##### RAW DATA #####

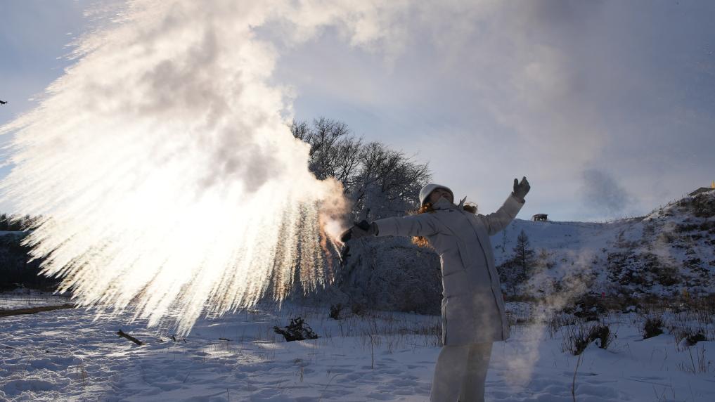 在阿尔山国家森林公园,游客体验“泼水成冰”。新华社记者 恩浩 摄
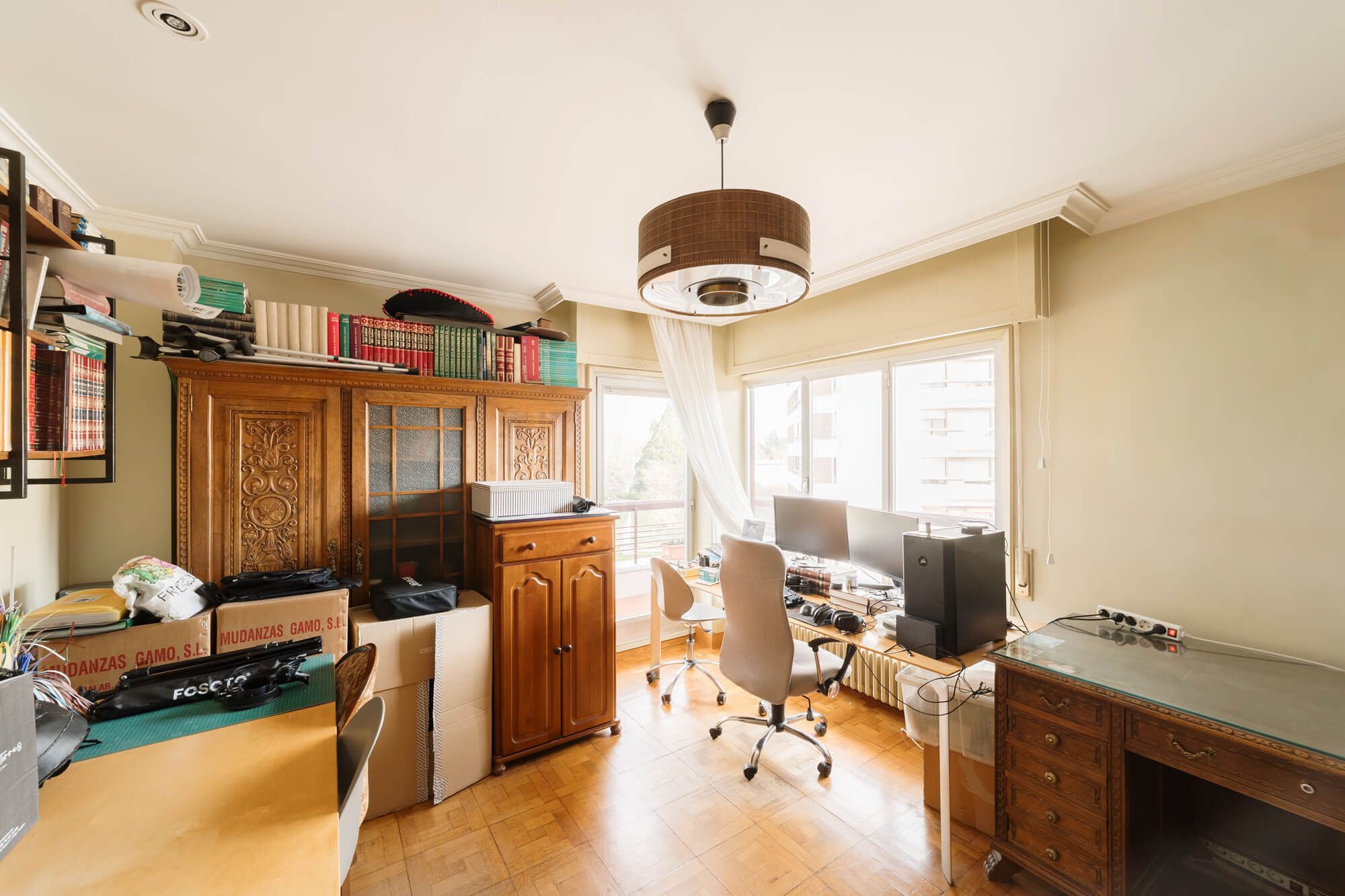La vivienda, situada en la cuarta planta, tiene una superficie útil de 125m² por lo que podrás adaptarla sin problema a tus necesidades y las de tu familia. Se distribuye en torno a un bonito vestíbulo de entrada, un gran salón-comedor con salida a una terraza perimetral, cuatro amplios dormitorios y dos baños, así como una amplia cocina con espacio diferenciado para comer y salida a un balcón-tendedero. Además cuenta con una plaza de garaje y un cuarto para guardar bicis en el portal. El sistema de producción de agua caliente y calefacción es mediante caldera central de gas con contadores individuales.
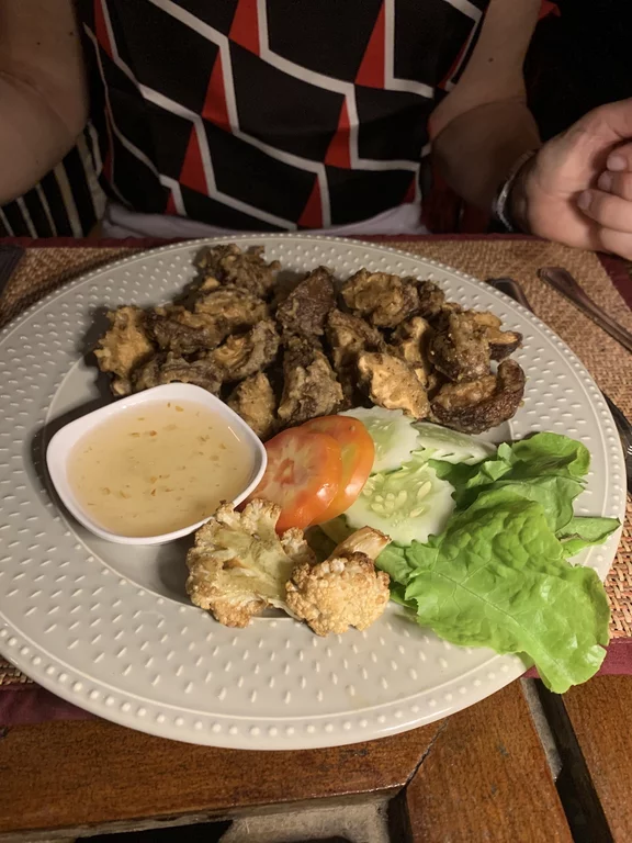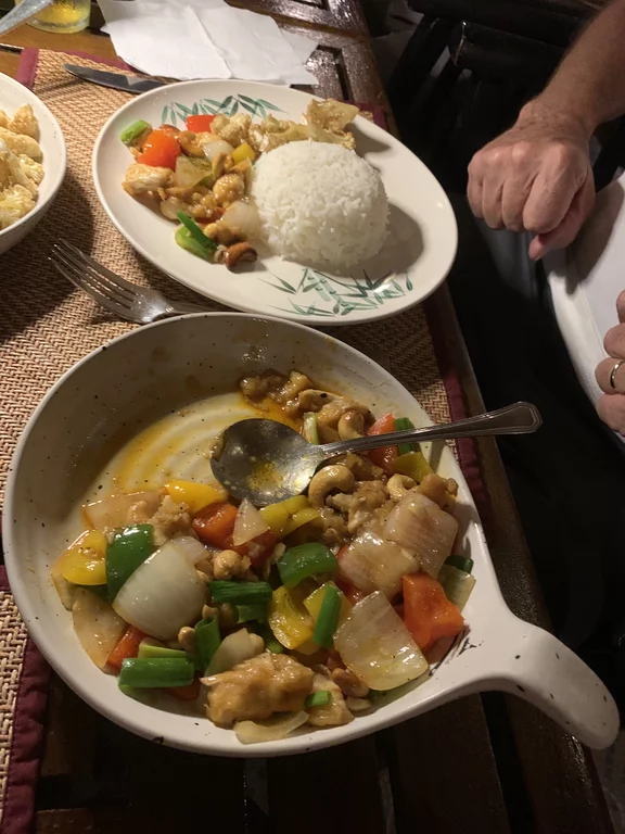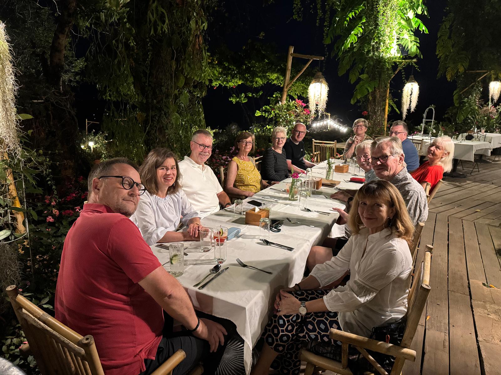 Das Abendessen fand in einem tollen Ambiente im Garten des Hotels statt und war diesmal a la carté. So begann der Spaß schon beim studieren der Speise- und Getränkekarte. Als Appetizer servierte der Wettergott noch einen wunderschönen Sonnenuntergang und die ausgewählten Hauptgänge ließen ebenfalls nichts zu wünschen übrig.

#####

_TASK INSTRUCTIONS_:
Your reply should hold exactly the lines from the line containing "La vivienda, situada" through the final line of the listing, and none of the pictures.

_TASK RESULT_:
La vivienda, situada en la cuarta planta, tiene una superficie útil de 125m² por lo que podrás adaptarla sin problema a tus necesidades y las de tu familia. Se distribuye en torno a un bonito vestíbulo de entrada, un gran salón-comedor con salida a una terraza perimetral, cuatro amplios dormitorios y dos baños, así como una amplia cocina con espacio diferenciado para comer y salida a un balcón-tendedero. Además cuenta con una plaza de garaje y un cuarto para guardar bicis en el portal. El sistema de producción de agua caliente y calefacción es mediante caldera central de gas con contadores individuales.
 Das Abendessen fand in einem tollen Ambiente im Garten des Hotels statt und war diesmal a la carté. So begann der Spaß schon beim studieren der Speise- und Getränkekarte. Als Appetizer servierte der Wettergott noch einen wunderschönen Sonnenuntergang und die ausgewählten Hauptgänge ließen ebenfalls nichts zu wünschen übrig.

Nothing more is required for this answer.